Cubs Score and Recap (4/14/21): Brewers 7, Cubs 0 – Cubs Burned by Burnes

Looking to secure a series win after a thrilling comeback victory on Tuesday night, Jake Arietta (2-0, 2.25 ERA) took the mound against Milwaukee’s Corbin Burnes (0-1, 0.73 ERA) for Wednesday’s finale. Arrietta entered as the only Cubs pitcher with two wins, both coming against Pittsburgh. Burnes, who’s 0-1 with a 6.00 ERA in eight games against Chicago, had been pitching extremely well this season but was tied for dead last in run support (0.5) among starters.

Unfortunately, Arrieta didn’t get off to the start his team was looking for, allowing an RBI single in the top of the 1st to Travis Shaw. Later in the inning, Omar Narvaez increased Milwaukee’s lead with a sacrifice fly and Shaw added on with a solo shot in the 3rd as the Cubs found themselves having to climb out of an early 3-0 hole. Arrieta left after five innings having given up three earned runs, four hits, one walk (of the intentional variety) to go with three strikeouts on 84 pitches.

Just as they did on Monday, the Brewers offense broke the game wide open in the 6th, this time against Shelby Miller and Justin Steele. The pair of recent additions allowed the first six batters of the inning to reach safely as Milwaukee built a 7-0 lead to put the game out of reach.
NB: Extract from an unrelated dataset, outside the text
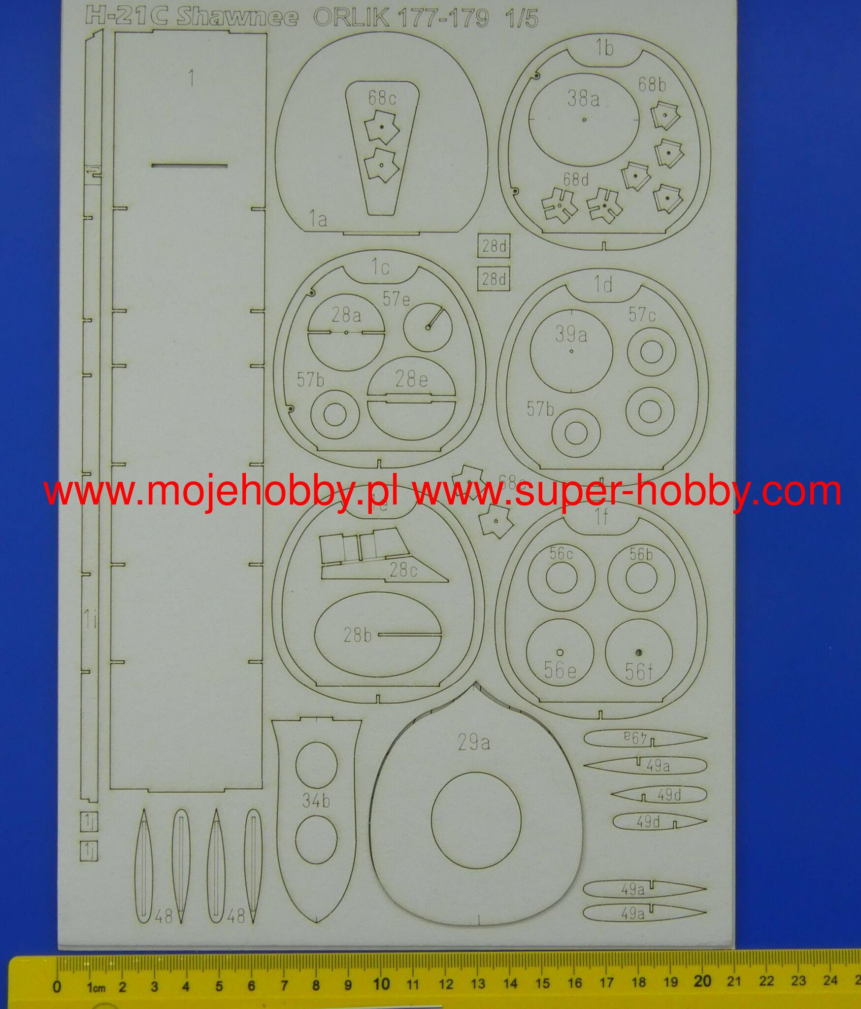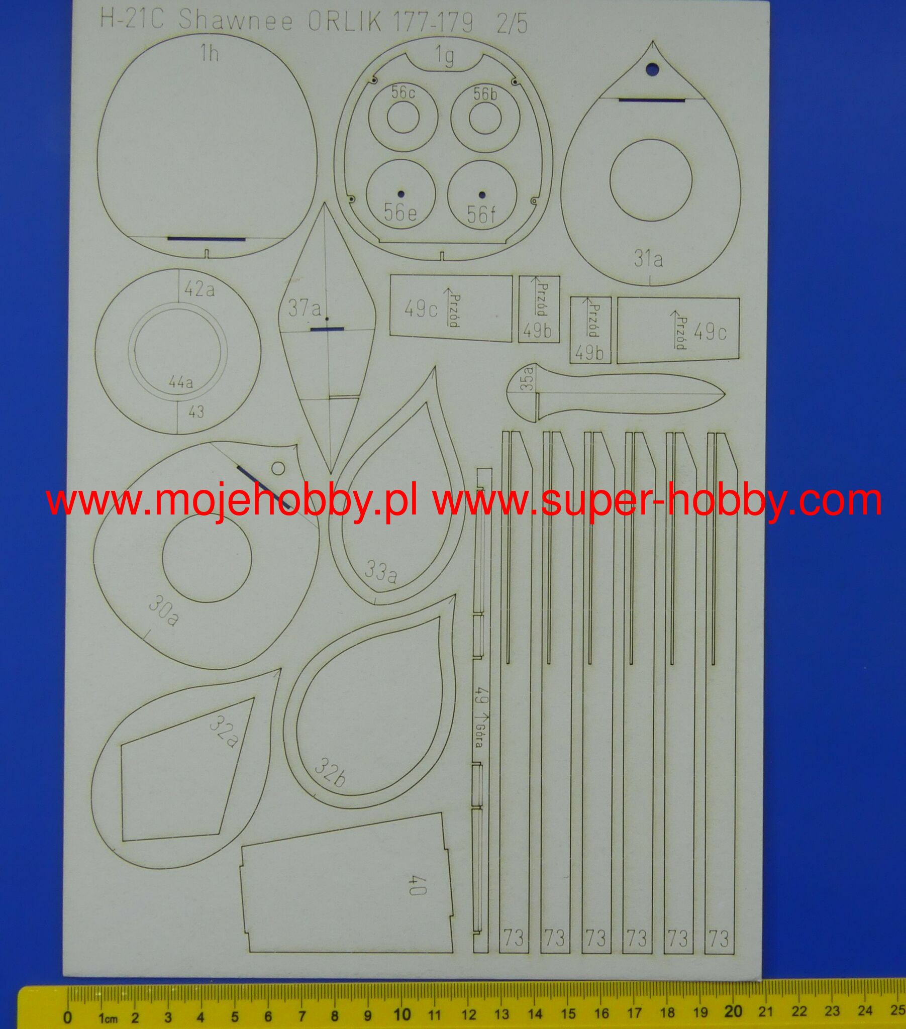 177-179W ELEMENTY WYCINANE LASEROWO DO MODELU ŚMIGŁOWCA PIASECKI H-21C SHAWNEE

Rather than riding the momentum from the previous night, the Cubs ran into the brick wall that is Burnes. Not only were they shut out, they recorded a measly four hits while striking out 10 times and failing to draw a single base on balls. (Box score)

Why the Cubs Lost

Burnes was as good as advertised. He pitched six scoreless innings, giving up two hits, no walks while striking out 10 batters. The Cubs were completely overmatched. For good measure, the starter added a two-run single in the 6th against Steele.

Key Moment

The Cubs had runners on second and third with only one out and down 2-0 in the 2nd inning, but Burnes escaped with no damage by retiring David Bote and Austin Romine. Against a pitcher of his caliber, there’s very little room for error and this was an opportunity the Cubs needed to take advantage of. They never threatened after that.

Stats That Matter

  • The Cubs have now allowed 13 runs in the 6th inning, most in the majors
  • The 6th inning of games one and game three accounted for 10 of the 15 runs scored by Milwaukee
  • The Cubs have 59 hits through their first 12 games, the 2nd lowest total in league history

Bottom Line

The offense continues to be nauseatingly bad. You can’t win if you can’t hit.

On Deck

The Cubs are off tomorrow before returning home on Friday for a three-game set against the Braves as old friend Drew Smyly (0-0, 5.73 ERA) toes the rubber for Atlanta in game one. The Cubs have yet to announce their starter. First pitch is scheduled for 1:20pm CT on Marquee and 670 The Score.